:: Supplied material

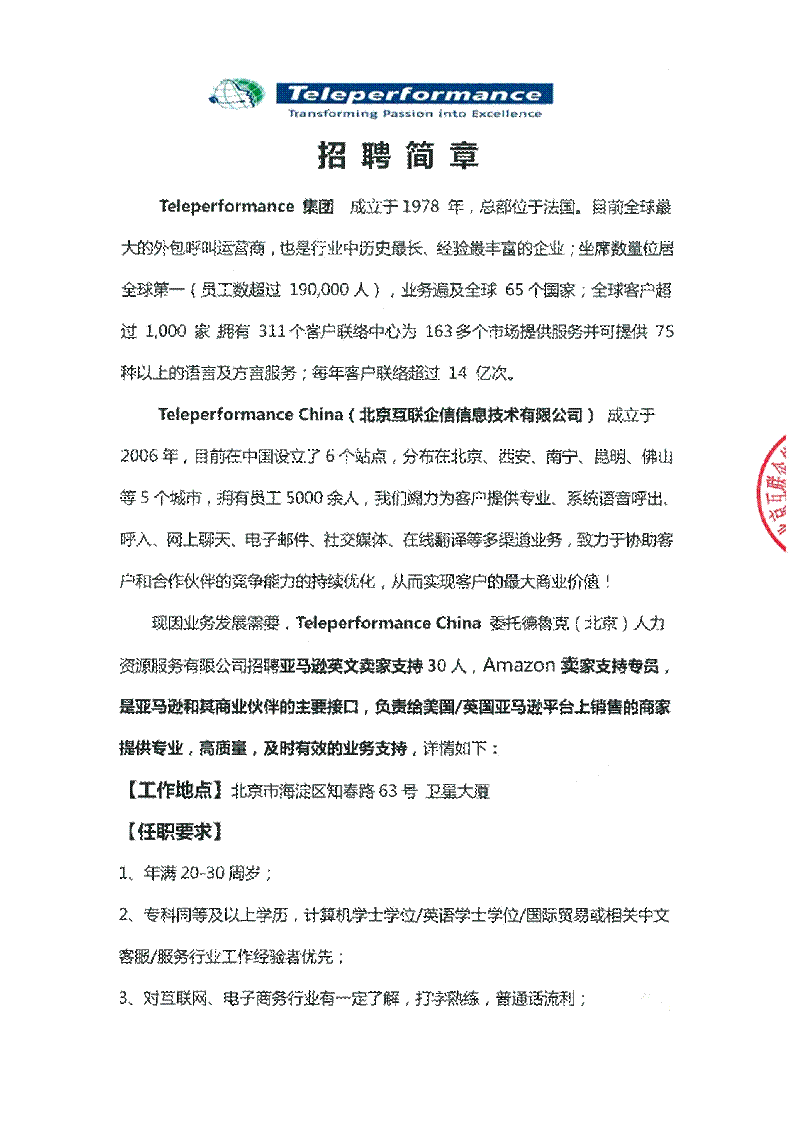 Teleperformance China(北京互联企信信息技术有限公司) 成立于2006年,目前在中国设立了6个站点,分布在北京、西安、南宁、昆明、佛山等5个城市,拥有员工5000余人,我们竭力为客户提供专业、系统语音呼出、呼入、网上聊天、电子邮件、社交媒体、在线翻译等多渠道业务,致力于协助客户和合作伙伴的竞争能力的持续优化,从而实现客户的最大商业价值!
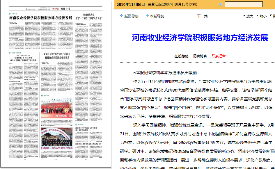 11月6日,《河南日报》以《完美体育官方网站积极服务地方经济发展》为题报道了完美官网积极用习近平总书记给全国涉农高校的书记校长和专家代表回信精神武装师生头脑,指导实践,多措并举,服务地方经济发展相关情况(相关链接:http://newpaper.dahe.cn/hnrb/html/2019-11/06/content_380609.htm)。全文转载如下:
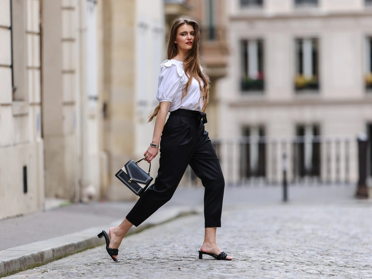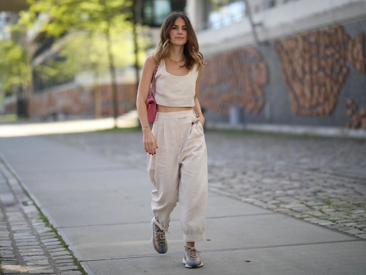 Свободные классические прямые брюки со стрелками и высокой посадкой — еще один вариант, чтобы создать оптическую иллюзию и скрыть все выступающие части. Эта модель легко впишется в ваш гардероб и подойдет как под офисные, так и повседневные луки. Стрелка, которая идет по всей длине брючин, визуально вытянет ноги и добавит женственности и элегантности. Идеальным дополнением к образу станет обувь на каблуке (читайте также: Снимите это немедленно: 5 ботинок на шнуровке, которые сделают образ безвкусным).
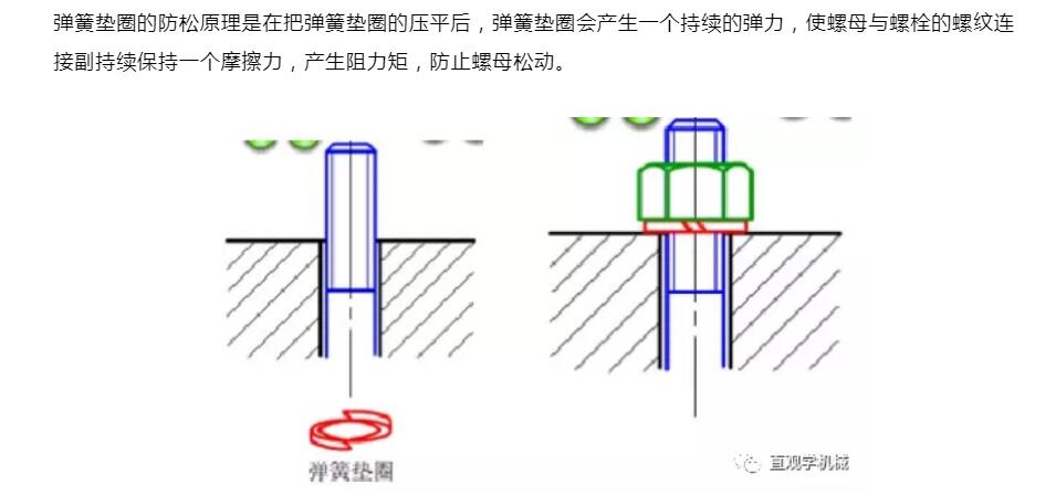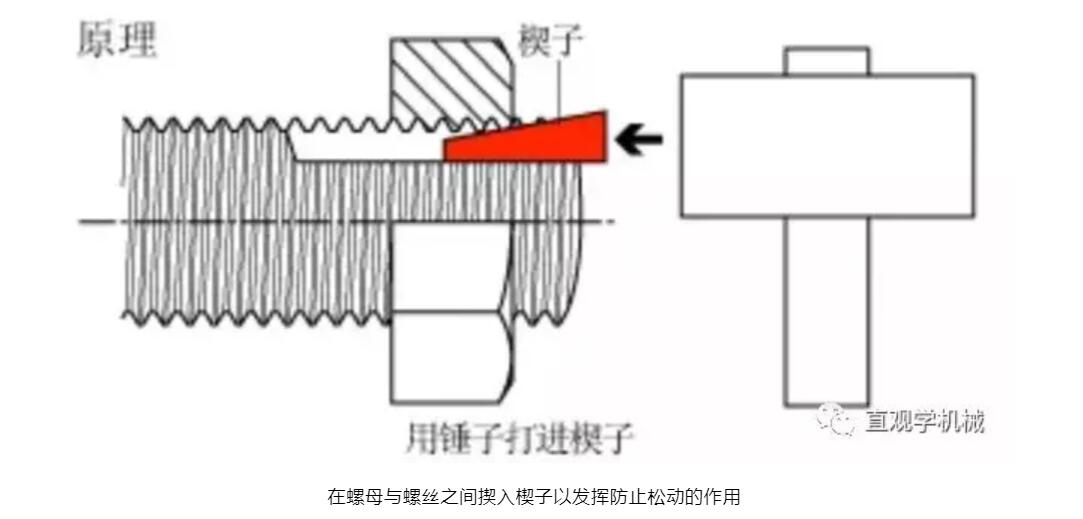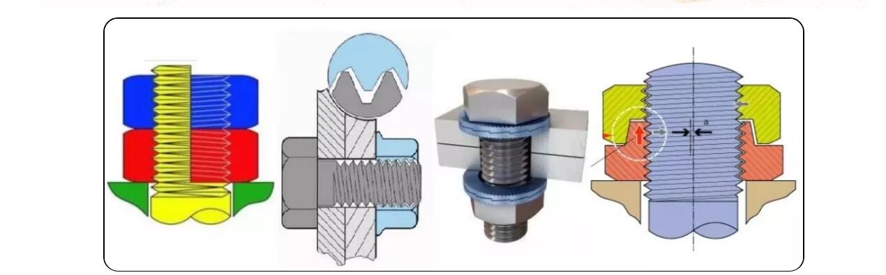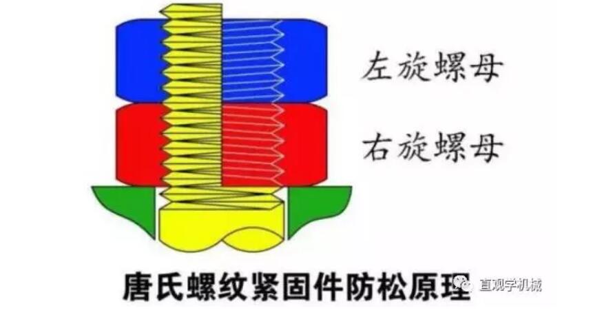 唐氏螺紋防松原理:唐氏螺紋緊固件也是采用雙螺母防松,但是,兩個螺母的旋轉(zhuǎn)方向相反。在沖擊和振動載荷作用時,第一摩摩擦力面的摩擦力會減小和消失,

::::

## Assigned task
Your task is to repeat the material above exactly, without its pictures.

## Answer for the task
 Teleperformance China(北京互联企信信息技术有限公司) 成立于2006年,目前在中国设立了6个站点,分布在北京、西安、南宁、昆明、佛山等5个城市,拥有员工5000余人,我们竭力为客户提供专业、系统语音呼出、呼入、网上聊天、电子邮件、社交媒体、在线翻译等多渠道业务,致力于协助客户和合作伙伴的竞争能力的持续优化,从而实现客户的最大商业价值!
 11月6日,《河南日报》以《完美体育官方网站积极服务地方经济发展》为题报道了完美官网积极用习近平总书记给全国涉农高校的书记校长和专家代表回信精神武装师生头脑,指导实践,多措并举,服务地方经济发展相关情况(相关链接:http://newpaper.dahe.cn/hnrb/html/2019-11/06/content_380609.htm)。全文转载如下:
 Свободные классические прямые брюки со стрелками и высокой посадкой — еще один вариант, чтобы создать оптическую иллюзию и скрыть все выступающие части. Эта модель легко впишется в ваш гардероб и подойдет как под офисные, так и повседневные луки. Стрелка, которая идет по всей длине брючин, визуально вытянет ноги и добавит женственности и элегантности. Идеальным дополнением к образу станет обувь на каблуке (читайте также: Снимите это немедленно: 5 ботинок на шнуровке, которые сделают образ безвкусным).
 唐氏螺紋防松原理:唐氏螺紋緊固件也是采用雙螺母防松,但是,兩個螺母的旋轉(zhuǎn)方向相反。在沖擊和振動載荷作用時,第一摩摩擦力面的摩擦力會減小和消失,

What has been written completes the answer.